Dojście na Frydlantskie Cimbury zajęło nam kolejne 30 minut, warto zwrócić uwagę że aby dotrzeć na ciekawie położony szczyt, trzeba zboczyć z zielonego na żółty szlak. Aby wejść na sam szczyt trzeba pokonać zawieszoną drabinkę, a na wierzchołku od jego południowo-wschodniej strony, znajduje się spora przepaść niezabezpieczona barierkami. Szacunek dla Czechów za to, że poprowadzili szlak w tak niezwykłe miejsce i nie zagrodzili wszystkiego płotami, schodami, platformami wiertniczymi oraz wieżyczkami z cekaemami… Niestety w Polsce tak właśnie wygląda większość skalnych szczytów, a tutaj  miła niespodzianka i aż milej się siedzi z piwkiem podziwiając piękne widoki.

Po uzupełnieniu płynów i skonsumowaniu domowych przetworów, ruszyliśmy w dalsza drogę żółtym szlakiem, który prowadził zboczem  Smedavskiej Hory, lecz nie dochodził do samego szczytu. Po około godzinie dotarliśmy do podnóża jednej z najwyższych gór w tym rejonie, czyli Jizery, która oczywiście również padła naszym łupem.

Na samym szczycie oprócz grupy skał, stoi chatka prawdopodobnie leśników. Wejście do niej jest zamknięte, natomiast jakby ktoś chciał się tam przespać to jest taka możliwość na zadaszonej werandzie.

IMG_20160814_123755(1)

Po zaliczeniu głównych atrakcji widokowych niedzieli, przyszedł czas na uzupełnienie asortymentu plecaków i zjedzenie jakiegoś obiadu. W tym celu ruszyliśmy żwawo i z pieśnią na ustach w stronę miasteczka Josefuv Dul, rozważając zalety wcześniejszego planu, który zakładał spędzenie weekendu w jednej spod Bolkowskich miejscowości. Ostatecznie uznaliśmy, że Czeskie Izery warte były grzechu! W Josefuv Dul okazało się także, że transakcje kartą płatniczą w tej części europy można obserwować jedynie w zachodniej telewizji, co doprowadziło mnie wraz z Wujkiem do lekkiej rozpaczy. Na szczęście nasz kierowca Michał posiadał sporo kapitału w czeskiej walucie i dzięki niemu zrobiliśmy potrzebne zakupy w dyskoncie.

Ostatnim celem naszej wycieczki była wieś Jizerka oddalona o jakieś 12 km od Josefuva, ale dzięki ostrej motywującej rozmowie i koksie prosto z Rio dotarliśmy tam w dwie i pół godziny.

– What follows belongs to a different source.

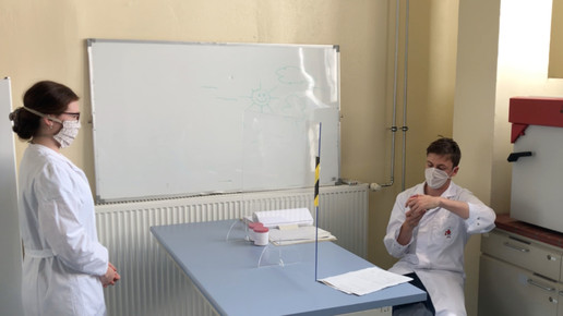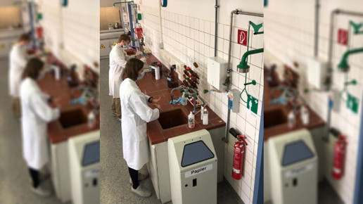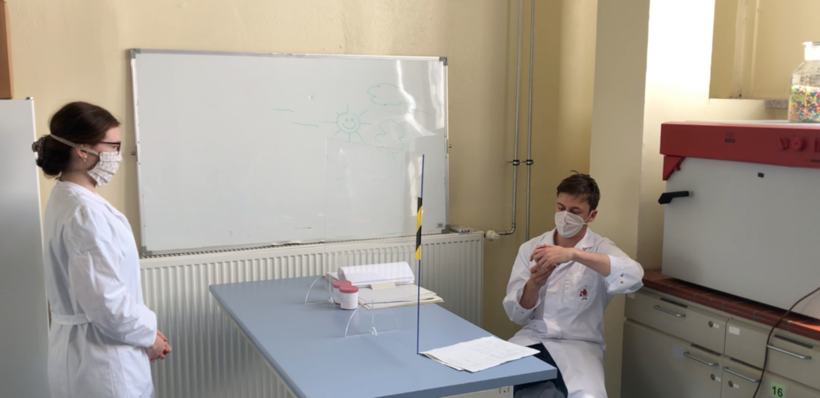 FISCHER: In meiner Abteilung, der pharmazeutischen Technologie, hat das Praktikum Arzneiformenlehre stattgefunden. Wir mussten einiges vorbereiten, um die vorgeschriebenen Hygiene- und Distanzmaßnahmen der Stadt und der Universität einhalten zu können. Dazu mussten wir die Praktika umstrukturieren und die umgesetzten Maßnahmen vor dem Betrieb von der Universität abnehmen lassen. Normalerweise finden zwölf Studierende Platz im Labor, nun dürfen es aufgrund der Abstandsregelungen jedoch nur noch drei sein. Das hat sich nur realisieren lassen, weil wir im Moment eine nicht besetzte Professur haben und die Räume dadurch zur Verfügung stehen – zehn Praktikumsräume sind normalerweise nicht einfach so verfügbar. Außerdem müssen wir den Studierenden Räumlichkeiten für die Mittagspause zur Verfügung stellen.

Choć zakładaliśmy że prosto stamtąd udamy się na miejsce noclegowe, to jednak wyjście na przepiękną polanę i widok niczym w filmach o Ani z Zielonego Wzgórza, wymógł na nas odpoczynek w przydrożnym barze.

Gdy już nawodniliśmy nasze wymęczone nerki, udaliśmy się na spoczynek. Nocleg spędziliśmy po polskiej stronie Izerów w chatce skandynawskiej ustawionej tuż za granicznym mostem (U Karlovskeho mostu), dokąd dotrzeć można żółtym szlakiem prowadzącym z Jizerki do Stacji Turystycznej Orle. Trochę czasu spędziliśmy podziwiając widoki nad rzeką, które przywoływały nam wspomnienia z z Jukonu w Kanadzie. Rzecz jasna to nie były nasze wspomnienia, ale Beara Gryllsa  no ale to też się liczy 🙂

O istnieniu chatki dowiedzieliśmy się od Tomka, który odnalazł mapkę chatek, gdzieś w czeluściach internetu. Natomiast dzięki naszemu kierowcy Michałowi dowiedzieliśmy się o 23:00, że jest ciemno… pewnie bez tej informacji byśmy tego nie zauważyli. Dziękujemy stary!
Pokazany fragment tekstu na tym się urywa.